Here is a list of mergers in Shizuoka Prefecture, Japan since the Heisei era.

==Mergers from April 1, 1999 to Present==
Sources:
- On April 1, 2004 - The former cities of Shimizu and Shizuoka were merged to create the designated city of Shizuoka. The former city of Shimizu is co-extensive to current Shimizu-ku.
- On April 1, 2004 - The former town of Omaezaki (from Haibara District) absorbed the town of Hamaoka (from Ogasa District) to create the city of Omaezaki.
- On April 1, 2004 - The towns of Amagiyugashima, Nakaizu, Shuzenji and Toi (all from Tagata District) were merged to create the city of Izu.
- On January 17, 2005 - The former town Kikugawa absorbed the town of Ogasa (both from Ogasa District) to create the city of Kikugawa.
- On April 1, 2005 - The towns of Izunagaoka, Nirayama and Ohito (all from Tagata District) were merged to create the city of Izunokuni.
- On April 1, 2005 - The village of Kamo (from Kamo District) was merged into the expanded town of Nishiizu.
- On April 1, 2005 - The town of Asaba (from Iwata District) was merged into the expanded city of Fukuroi.
- On April 1, 2005 - The old city of Kakegawa absorbed the towns of Daitō and Ōsuka (both from Ogasa District) to create the new and expanded city of Kakegawa. Ogasa District was dissolved as a result of this merger.
- On April 1, 2005 - The old city of Iwata absorbed the towns of Fukude, Ryūyō and Toyoda, and the village of Toyooka (all from Iwata District) to create the new and expanded city of Iwata.
- On April 1, 2005 - The village of Heda (from Tagata District) was merged into the expanded city of Numazu.
- On May 5, 2005 - the old city of Shimada absorbed the town of Kanaya (from Haibara District) to create the new and expanded city of Shimada (2nd one).
- On July 1, 2005 - The old city of Hamamatsu absorbed the cities of Tenryū and Hamakita, the town of Haruno (from Shūchi District), the towns of Hosoe, Inasa and Mikkabi (all from Inasa District), the towns of Misakubo and Sakuma, the village of Tatsuyama (all from Iwata District), and the towns of Maisaka and Yūtō (both from Hamana District) to create the new and all merged into the expanded city of Hamamatsu.

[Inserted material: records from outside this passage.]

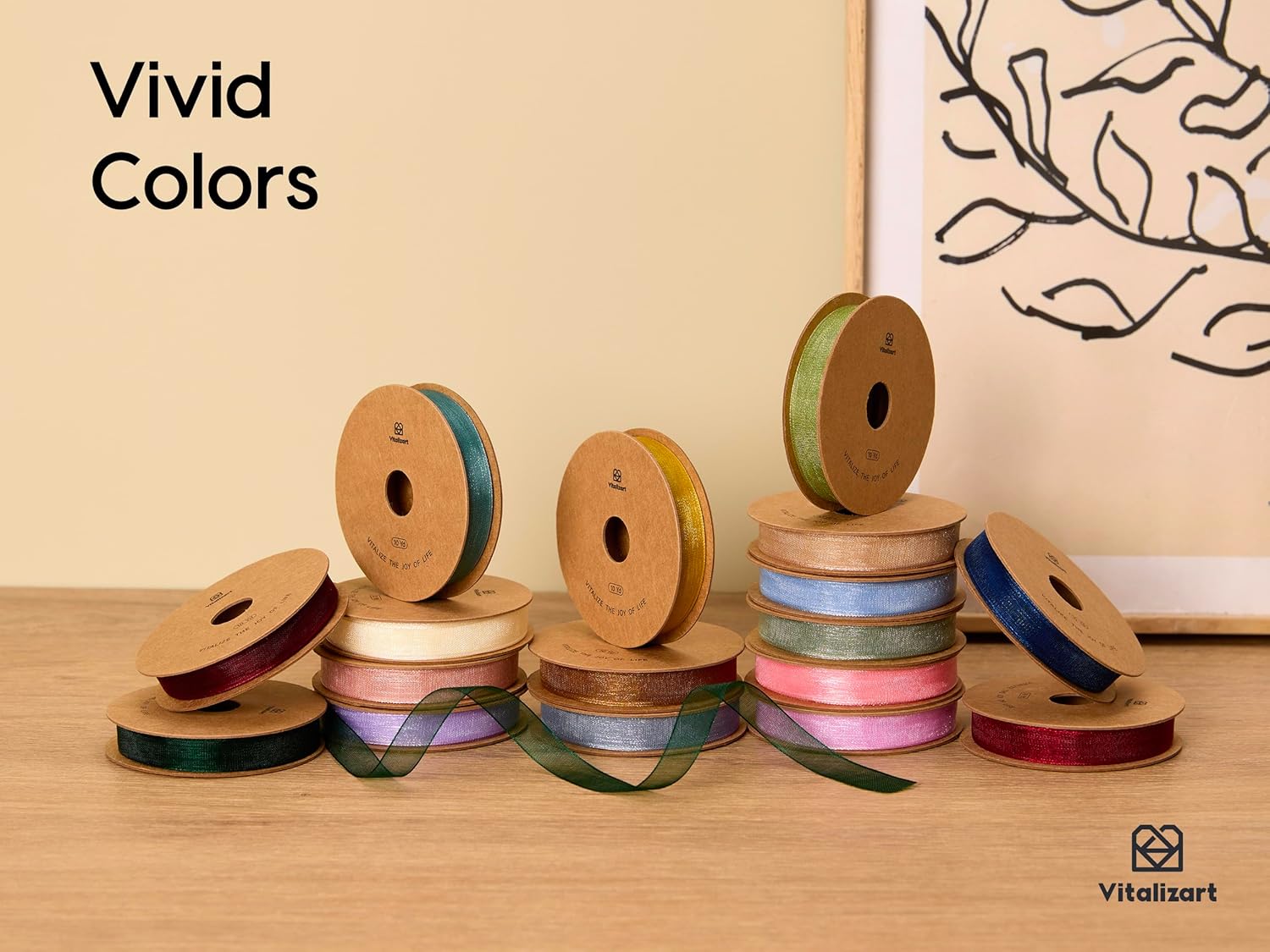Vitalizart 3/8" x 30Yd Organza Ribbon Green Sheer Ribbons Set 10 Yd x 3 Rolls Drak Green Sage Handmade Eco-Friendly for Gift Wrapping Christmas Tree Crafts Bows Wedding Invitations Wreaths Wrap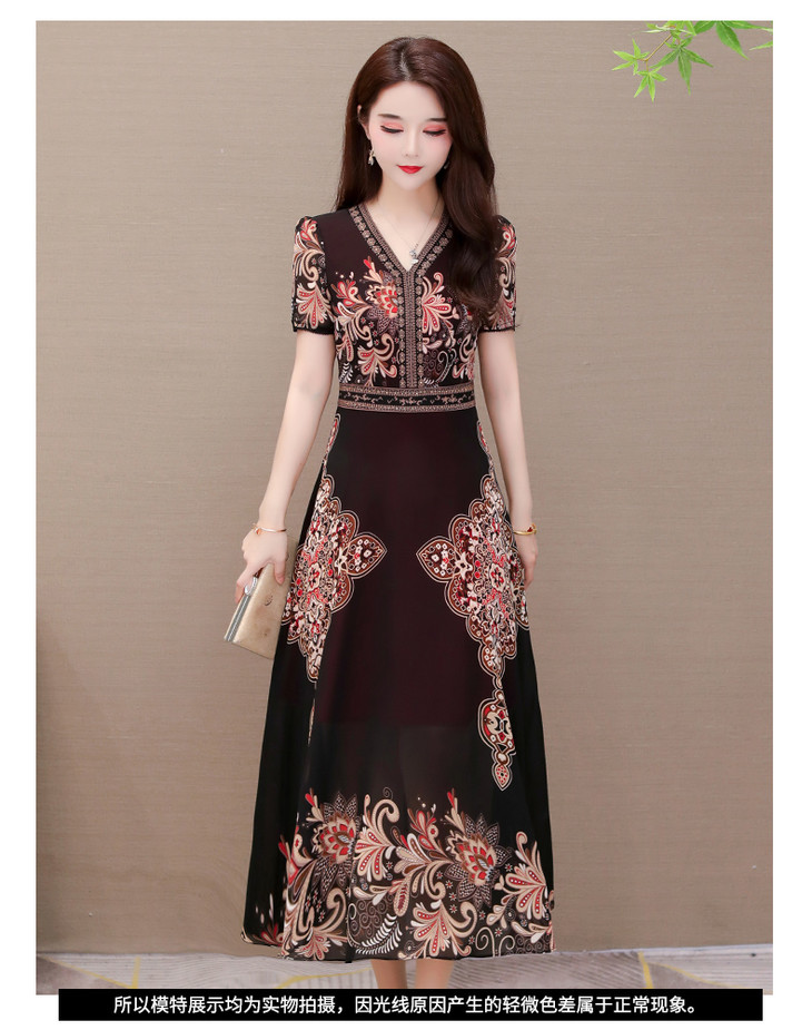 【亏本清仓】TJ-连衣裙女2021年夏季新款贵夫人收腰减龄复古长裙子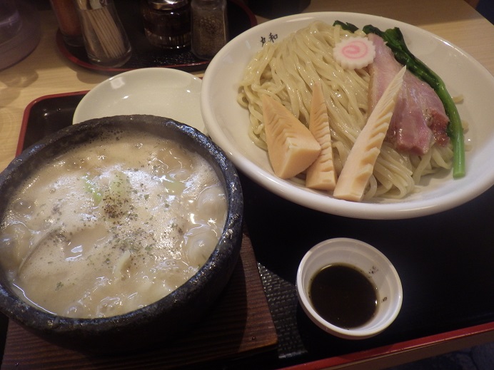 仕入れの関係で出ました。 そんでもって、今後の相談もしてきました。 その行きがけに「つけ麺 ○和 各○原分店」で「クラムチャウダー風つけ麺」を頂いてきました。 2015春限定で頂いたのですが、かなり好みで・・・それがまた今期も限定で登場!! 昼夜各10食限定ですが、入店時のほとんどのお客さんが頼んでいました。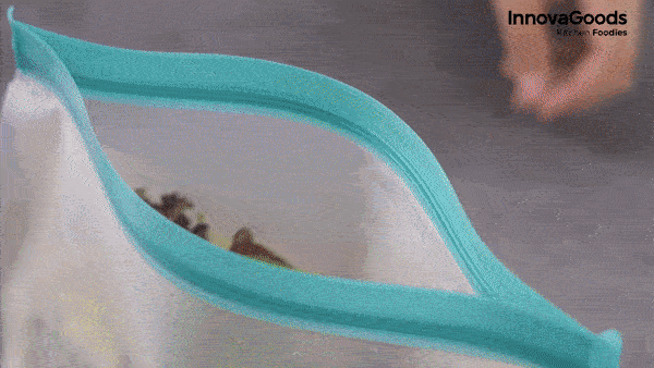 Az InnovaGoods hermetikusan záródó ételtartó zacskói kiválóan alkalmasak minden ételhez, hiszen megőrzik az élelmiszereket a hűtőszekrényben vagy a fagyasztóban. Használhatod uzsonnás zacskónak az iskolába, munkahelyre, edzőterembe vagy kirándulásra.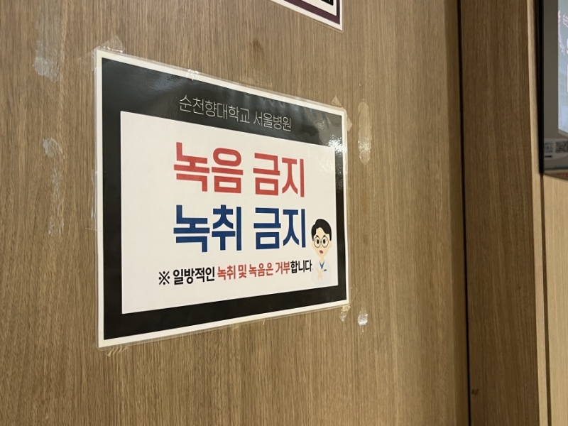 본관 1층 대기 공간에는 진료를 기다리는 환자들이 키오스크 주변에 모여 있었고, 일부 진료과 대기석은 환자들로 가득찬 모습도 관찰됐다. 특히 흉부외과 등 일부 진료과 입구에는 제약사 직원 출입을 제한한다는 안내 문구와 함께 환자들에게는 녹음·녹취를 금지하는 안내문이 부착돼 있었다.
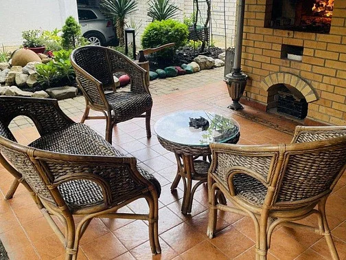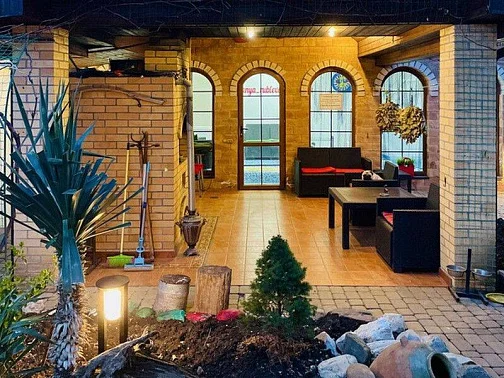 На придомовой территории гостевого дома расположены две беседки и две мангальные зоны для барбекю, где наши гости могут воспользоваться необходимыми столовыми принадлежностями: решётками, шампурами. Крытый прохладный бассейн открыт для посещения гостей с 9:00 до 16:30 (после 16:30 бассейн закрывается и начинает работать баня).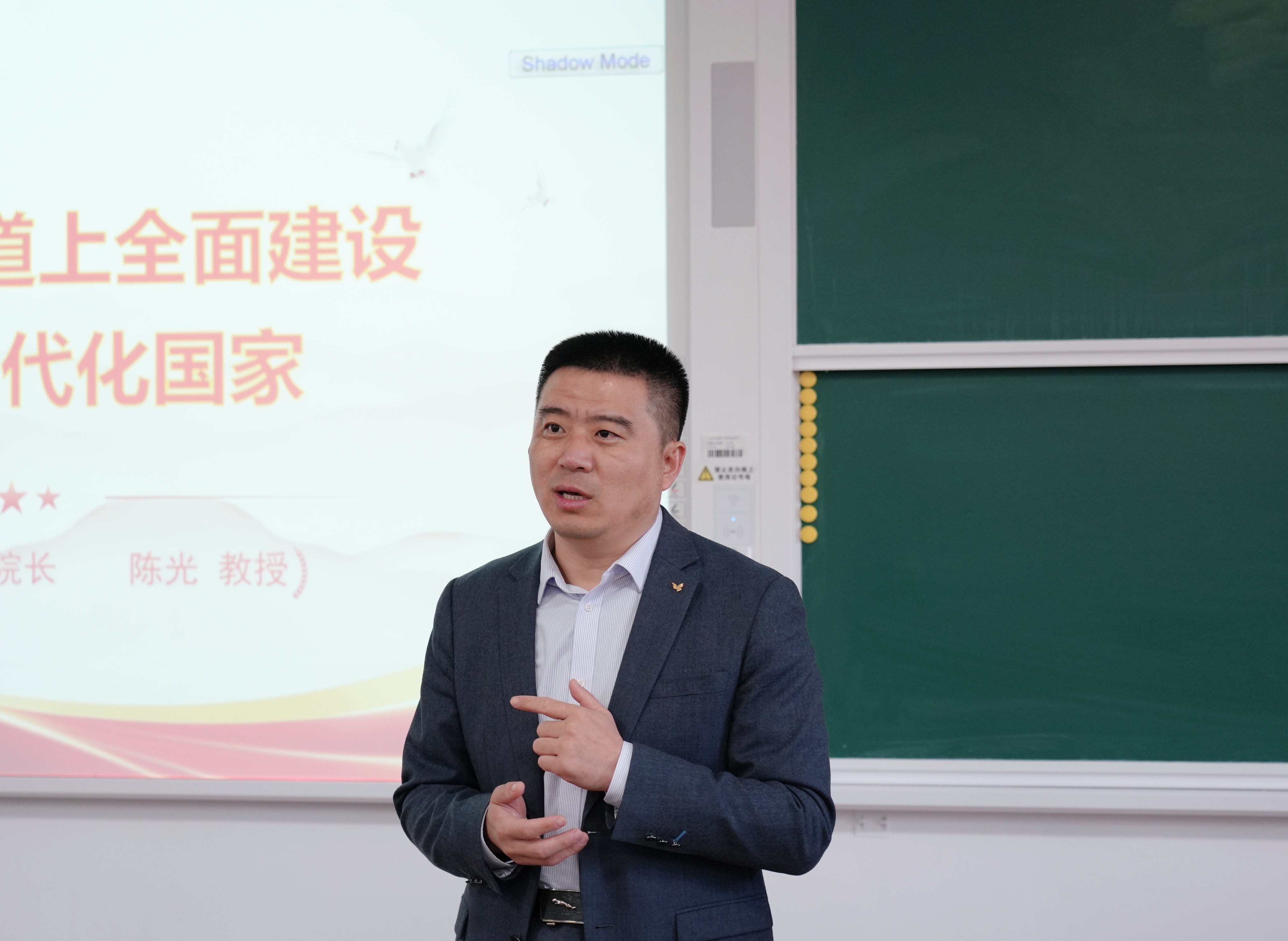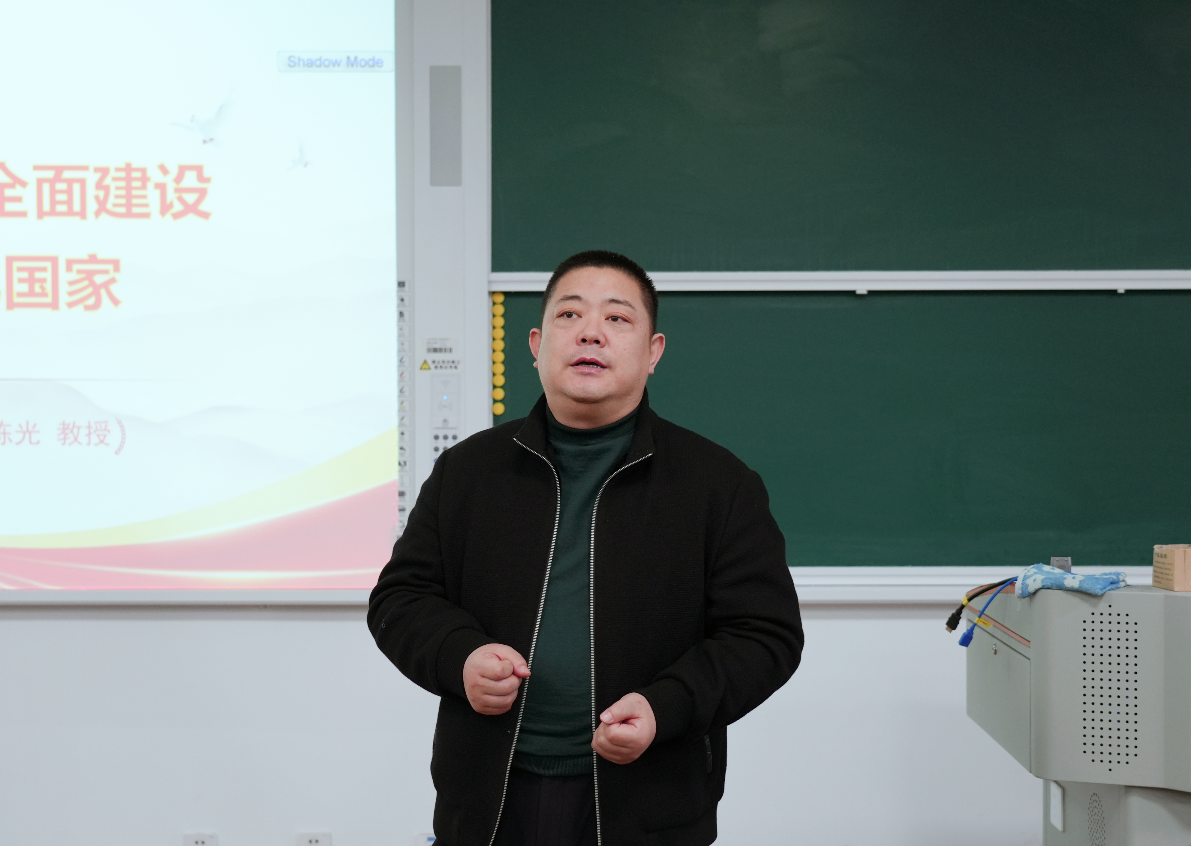 本次主题论坛特邀我院院长、博士生导师陈光教授作题为《坚持在法治轨道上全面建设社会主义现代化国家》的主旨报告。陈光教授从历史逻辑、理论逻辑与实践逻辑三个维度,系统阐释了法治建设在中国式现代化进程中的核心地位与保障作用。他强调,宪法是国家的根本法,坚持依法治国首先要坚持依宪治国,全面贯彻实施宪法是建设社会主义法治国家的首要任务和基础性工作。整场报告立意高远、内涵丰富、论述精辟,兼具学术深度与现实关怀,为与会者带来了一场深刻的法治思想启迪。

Inasa District and Iwata District were both dissolved as a result of this merger and also there are no more villages left in Shizuoka Prefecture as a result of this merger.
- On September 20, 2005 - The towns of Honkawane and Nakakawane (both from Haibara District) were merged to create the town of Kawanehon.
- On October 11, 2005 - The towns of Haibara and Sagara (both from Haibara District) were merged to create the city of Makinohara.
- On March 1, 2006 - The town of Kanbara (from Ihara District) was merged into the expanded city of Shizuoka, specifically at Shimizu-ku.
- On April 1, 2008 - The town of Kawane (from Haibara District) was merged into the expanded city of Shimada (2nd one).
- On November 1, 2008 - The town of Fujikawa (from Ihara District) was merged into the expanded city of Fuji.
- On November 1, 2008 - the town of Yui (from Ihara District) was merged into the expanded city of Shizuoka, specifically at Shimizu-ku. Ihara District was dissolved as a result of this merger.
- On November 1, 2008 - The town of Ōigawa (from Shida District) was merged into the expanded city of Yaizu; leaving Shida District with one municipality.
- On January 1, 2009 - The town of Okabe (from Shida District) was merged into the expanded city of Fujieda. Shida District was dissolved as a result of this merger.
- On March 23, 2010 - The town of Shibakawa (from Fuji District) was merged into the expanded city of Fujinomiya. Fuji District was dissolved as a result of this merger.
- On March 23, 2010 - The town of Arai (from Hamana District) was merged into the expanded city of Kosai. Hamana District was dissolved as a result of this merger.